Folha de S. Paulo


Em Davos, Argentina vira exemplo ao Brasil

Um dos mais conhecidos analistas econômicos do Brasil, frequentador assíduo do Fórum de Davos, pede o anonimato para produzir a mais perfeita e irônica visão de como é vista, pela elite mundial, a ascensão de Mauricio Macri à Presidência argentina:

"A melhor notícia para o Brasil nos últimos tempos é Mauricio Macri", ironiza. E explica: seu exemplo servirá de estímulo para que o Brasil faça as reformas há tanto prometidas e sempre adiadas.

Ruben Sprich/Reuters
O argentino Mauricio Macri (à dir.) encontra o premiê britânico, David Cameron, em Davos, na Suíça
O argentino Mauricio Macri (à dir.) encontra o premiê britânico, David Cameron, em Davos, na Suíça

Pelo menos em um ponto, Macri quer mesmo servir de modelo: na defesa dos os presos políticos na Venezuela e na pregação por democracia e direitos humanos.

"Em todas as instâncias a que irei nos próximos dias ou meses, vou falar disso", disse o presidente em encontro com os jornalistas do International Media Council, criado pelo Fórum Econômico Mundial.

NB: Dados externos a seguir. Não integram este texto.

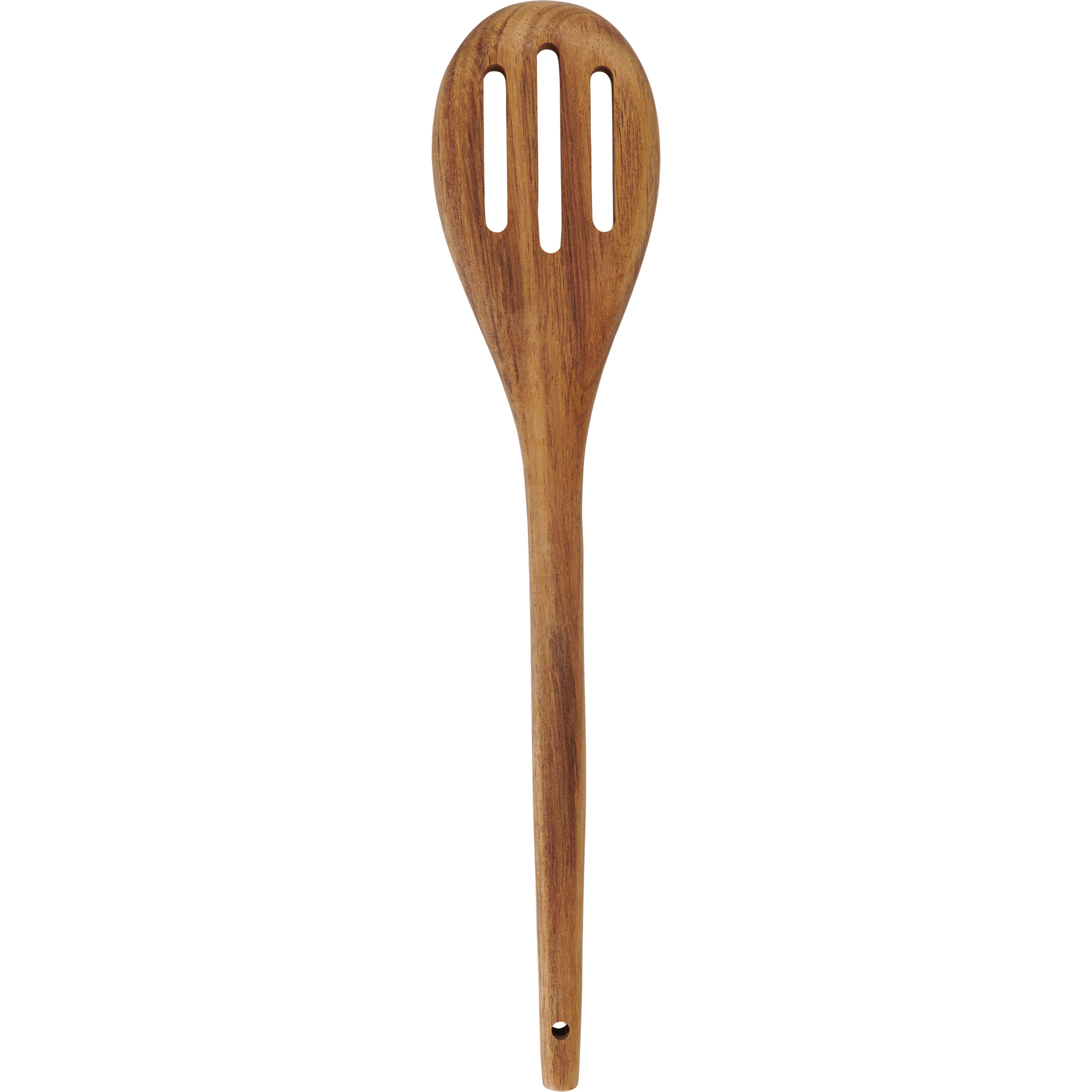 A wooden slotted spoon displaying a simple farmhouse design. Coordinates well with kitchen décor from our Cottagecore Collection. Our Simple Farm slotted spoon includes hole for hanging in kitchen. Hand wash recommended. A neutral everyday kitchen accessory that blends with a variety of styles.
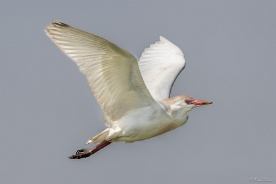 Der Kuhreiher erreicht eine Körperlänge von 46 bis 56 cm und wiegt zwischen 300 und 400 gr. Die Flügelspannweite beträgt 88 bis 96 cm. Auf den ersten Blick erinnert der Kuhreiher an den Rallenreiher, der jedoch etwas dunkler und kleiner ist. Ausgewachsene Tiere besitzen ein hauptsächlich weißes Gefieder, einen gelben Schnabel und gelbe Beine. Außerhalb der Fortpflanzungszeit ist die Augenumgebung grünlich bis gelb. Im Prachtkleid zur Brutzeit trägt der Kuhreiher Federbüschel auf dem Kopf und rotbräunlich gefärbte Federn auf Rücken, Brust und Kopf. Die Augenumgebung ist dann blau, während der Hochbalz ist außerdem der Schnabel und die Zügel rötlich. Quelle: Wikipedia
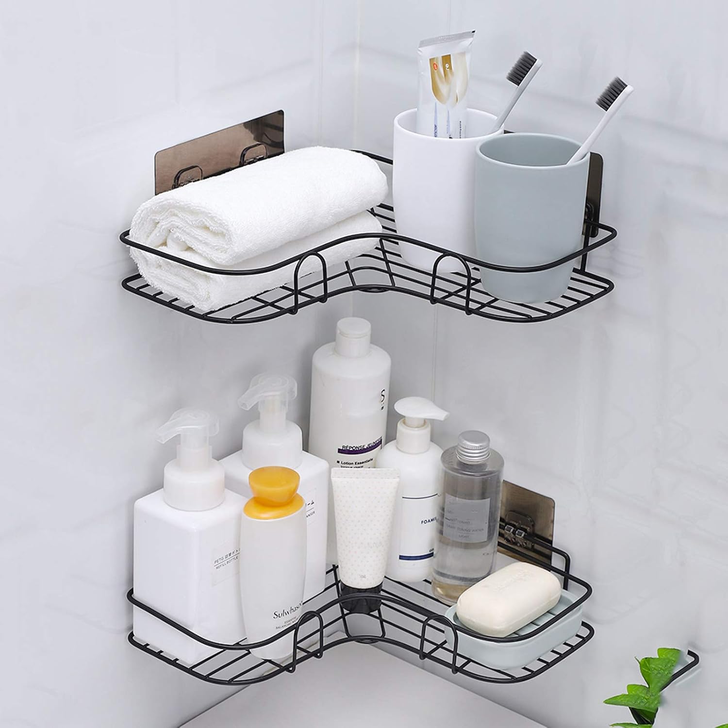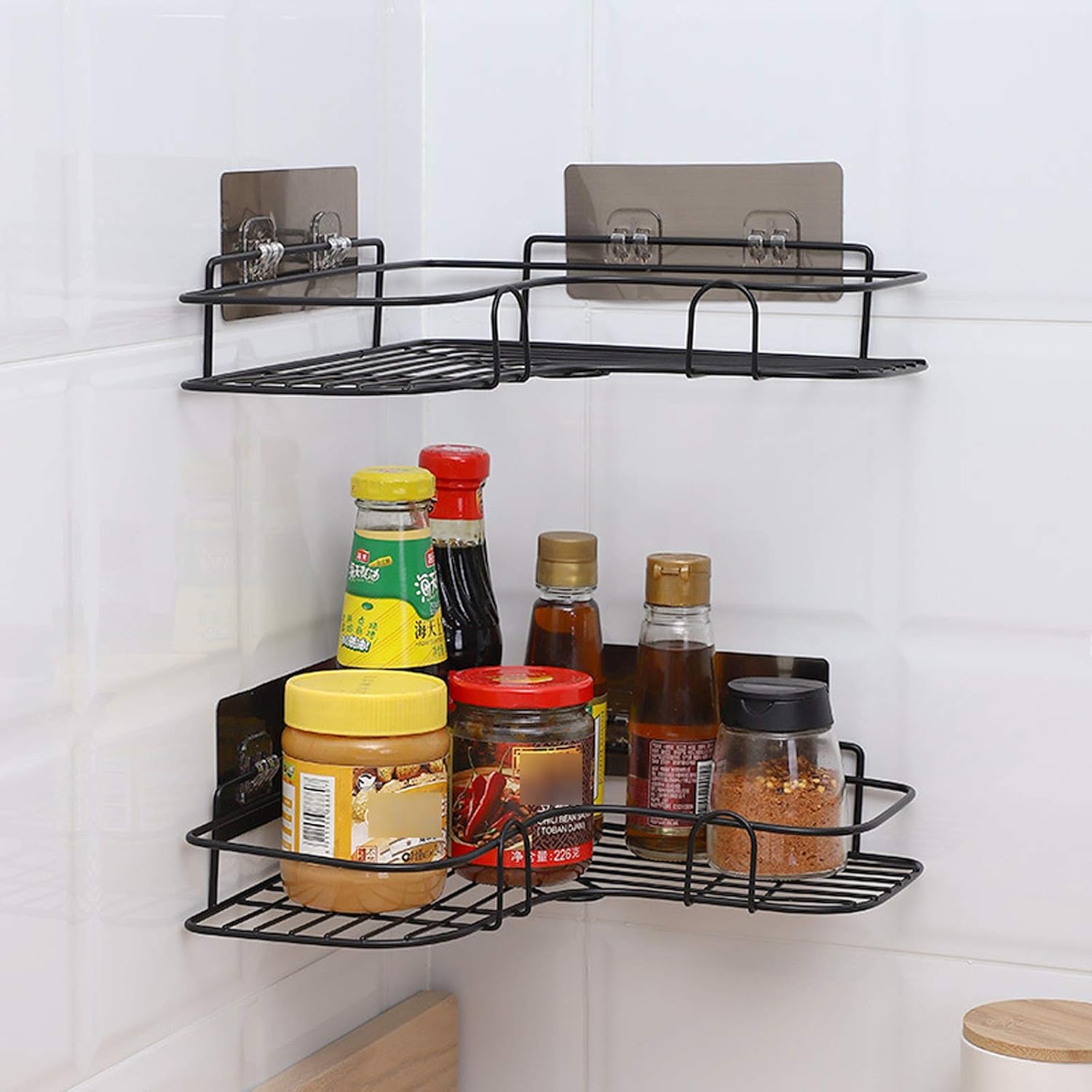 رف زاوية معدن لاصق للاستحمام - وداعًا لفوضى الحمام!
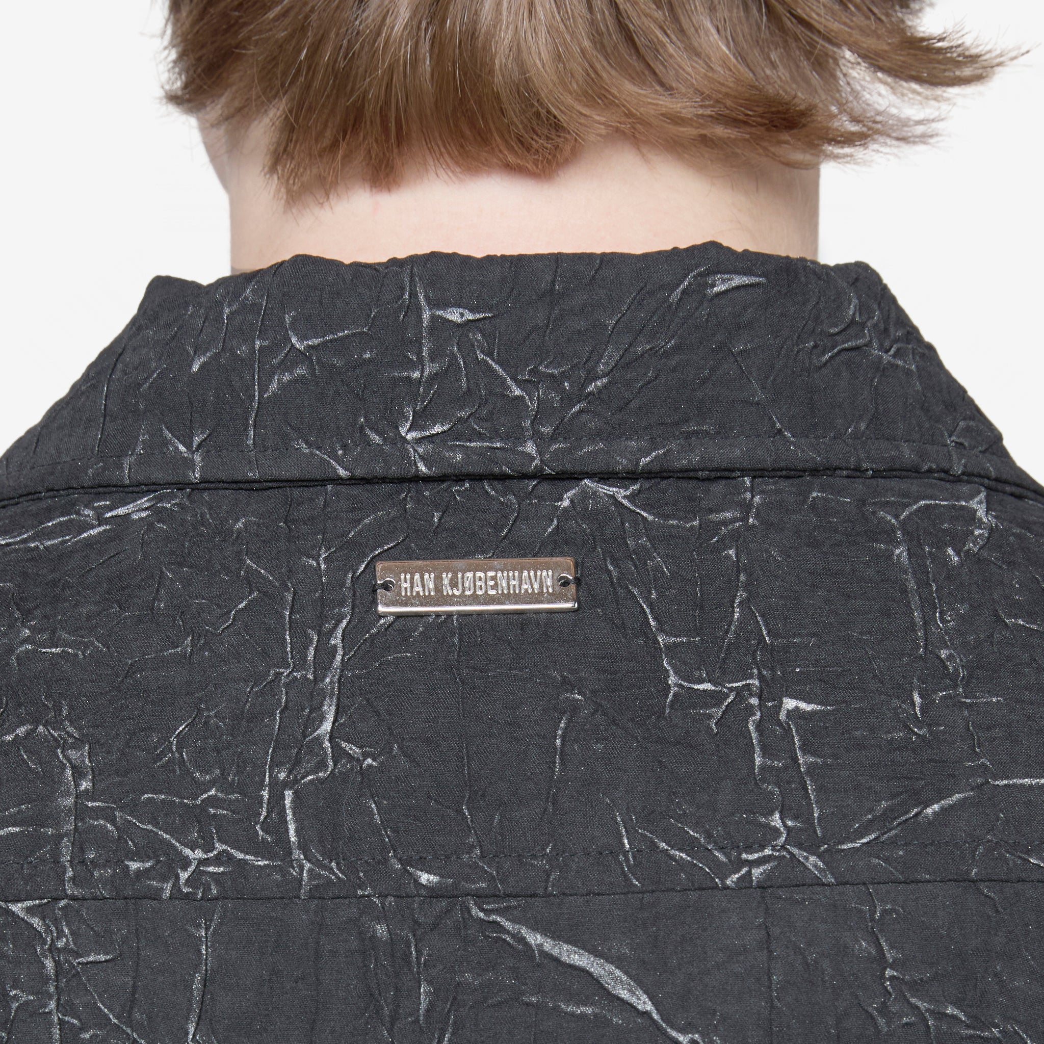 Men's Wrinkle Bowling Short Sleeve Shirt in Black from Han Kjøbenhavn. Boxy fit short sleeve shirt with full button closure and a spread collar. Crafted from a 3D-structured fabric with an all-over texture. Finished with branded metal hardware on the back neck.

Sua chanceler, Susana Malcorra, explicitou as instâncias e são realmente todas as regionais: Comunidade de Estados Latino-Americanos e do Caribe, Unasul, Organização dos Estados Americanos.

A julgar pelo entusiasmo de Macri, ele não é modelo só para o Brasil: o presidente acha que, "de repente, está todo o mundo indo na mesma direção" em relação à Venezuela. Menos o Brasil, ressalvou, "pelo problema que é a fronteira", sem detalhes.

O modelo que Macri vendeu na campanha eleitoral e nos seus primeiros 40 dias de governo atraiu de fato a atenção de Davos, a ponto de ter mobilizado até Martin Wolf, principal colunista do "Financial Times" e um dos mais respeitados do mundo, para a entrevista desta quinta (21).

"A Argentina está interessante", explicou Wolf.

Qual é o roteiro que Macri vendeu nos seus dois dias no encontro anual-2016 do Fórum Econômico Mundial?

Responde o próprio presidente: "Um país aberto, confiável, com regras estáveis para todos".

Música para os ouvidos dos executivos que formam a clientela básica de Davos, dos quais a antecessora de Macri, Cristina Kirchner, fugiu durante os 12 anos de reinado dos Kirchner.

Já Macri veio com um time completo de auxiliares, que trouxe ao seu encontro com os jornalistas, algo inusitado nesse modelo de conversa.

Deixou até que respondessem, junto com ele, além da chanceler Susana Malcorra, o ministro da Economia, Alfonso Prat-Gay, e o peronista Sergio Massa, derrotado no pleito que, em segundo turno, entronizou Macri.

Permitiu-se até uma brincadeira com o impecável inglês de Prat-Gay, que serviu de tradutor ao espanhol de Massa: "Se você não der certo na economia, já tem lugar como tradutor".

ABUTRES

Novidades na entrevista não surgiram, mas serviram para confirmar a moderação do novo presidente, um contraste até forçado com o estilo belicoso de Cristina.

Anunciou, por exemplo, a intenção de acertar as contas com os chamados "fundos abutre, que estão impedindo a Argentina de entrar no mercado de crédito.

Se houver o acerto ("tão rápido e justo quanto possamos obter", ressalvou Prat-Gay) e o crédito voltar, a Argentina poderá dobrar a produção de alimentos, diz Macri.

Com o premiê britânico, David Cameron, com quem se reuniu no mesmo dia, Macri repetiu a histórica reivindicação argentina pela soberania sobre as ilhas Malvinas, mas sem deixar de "sentar-se para discutir sobre tudo".

Macri manteve 19 reuniões com líderes políticos e empresariais em Davos, sempre com a mensagem: "A Argentina está madura para voltar ao mundo".